Coupe du monde de football en Russie : pourquoi être supporteur rend dingue

Des chercheurs en neurosciences se sont intéressés aux mécanismes cérébraux qui régissent les comportements, parfois fous, des supporteurs de football. Tout réside dans une motivation décuplée par un fort sentiment d’appartenance au groupe.

 

À l’heure où débute la Coupe du monde de football en Russie, vous vous demandez peut-être ce qui se passe dans le cerveau d’un supporteur hurlant seul devant sa télé, pleurant la défaite de son équipe fétiche ou participant à la liesse au milieu de 1,5 million de personnes un certain 12 juillet 1998… Qu’on s’intéresse au foot ou non, les comportements individuels et collectifs induits par le fait de supporter une équipe ont en effet de quoi surprendre. Des neuroscientifiques français et brésiliens ont ainsi observé de plus près l’activité cérébrale liée à ces comportements altruistes qui traduisent un phénomène d’identification au groupe particulièrement marqué. Un sujet d’étude idéal pour Jean-Claude Dreher, directeur d’équipe au Centre de neurosciences cognitives de Lyon, qui travaille de façon plus générale sur les mécanismes cérébraux de la motivation et de la prise de décision. Choisir des supporteurs permet en effet de disposer d’un groupe “naturel”, où le sentiment d’appartenance des sujets au groupe est réel et constant.
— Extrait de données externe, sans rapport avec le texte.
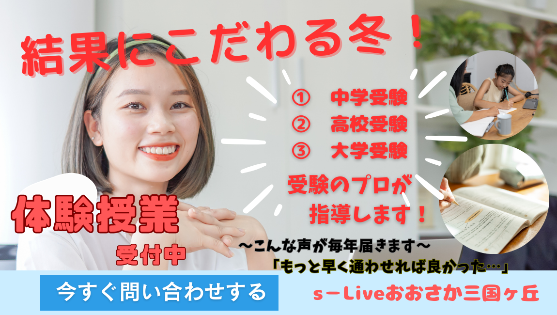 僕が、三国ヶ丘高校に合格できたのは、s-Liveおおさか三国ヶ丘校の先生方のおかげです。中2の終わりごろから定期テストでは点数は取れるけれど、実力テストや模擬…

Pour leur étude publiée dans Scientific Report en novembre 2017, les chercheurs de l’Institut d’Or à Rio de Janeiro (Brésil) ont recruté 27 supporteurs des principaux clubs de football de la ville : Botafogo, Flamengo, Fluminense et Vasco de Gama. Il s’agissait de les soumettre à un test de motivation un peu particulier pendant que leur cerveau était observé à l’imagerie par résonance fonctionnelle (IRMf), une technique qui permet de suivre en temps réel l’activité cérébrale. Une fois installé, chaque sujet devait actionner d’une main un capteur de force afin de gagner une somme d’argent proportionnelle à l’effort fourni. Autrement dit, plus les participants appuyaient fort plus la somme était importante. Trois types d’effort étaient proposés : dans le premier cas, l’argent revient à celui qui appuie, dans le deuxième, à d’autres supporteurs de la même équipe, dans le troisième, à des personnes n’appartenant pas à son club.

Les conditions d’un fanatisme footballistique

 

Ce protocole “nous a permis de mesurer leur motivation réelle pendant l’exercice”, explique le Dr Bortolini, l’un des auteurs de l’étude. L’analyse montre que les supporteurs parvenaient à appuyer plus fort lorsqu’il s’agissait de faire gagner de l’argent aux “supporters amis” que pour ceux d’un groupe extérieur. Ils étaient toutefois plus efficaces encore quand ils empochaient eux-mêmes les gains ; en effet, aussi altruiste soit-il, un individu a toujours tendance à en faire un peu plus pour soi-même…

Mais l’intérêt de l’expérience réside ailleurs : il est apparu que les supporters agissaient vis-à-vis des autres supporters de leur équipe, même de parfaits inconnus, de la même façon qu’ils le feraient avec des membres de leur propre famille. En effet, la partie médiane du cortex orbitofrontal — qui s’active dans les trois configurations du test — nouait des connexions plus fortes avec le cortex cingulaire antérieur lorsque l’effort était fait pour un fan de la même équipe. Or cette deuxième zone du cerveau est connue pour être impliquée dans les comportements altruistes et les sentiments d’affiliation à un groupe, en particulier la famille. Une connectivité fonctionnelle importante qui dit bien le lien qui unit les supporters autour d’une équipe. Et un phénomène d’appartenance au groupe qui peut aussi bien être source de solidarité que de fanatisme… Dans le cas d’une coupe du monde, on peut imaginer que le sentiment d’appartenance à une nation vient s’ajouter à ce lien quasi familial qui unit des supporters entre eux et à leur équipe. Avec des ressorts motivationnels aussi forts, nichés dans le cerveau, on comprendra mieux l’engouement un peu fou dont on peut faire preuve devant un match.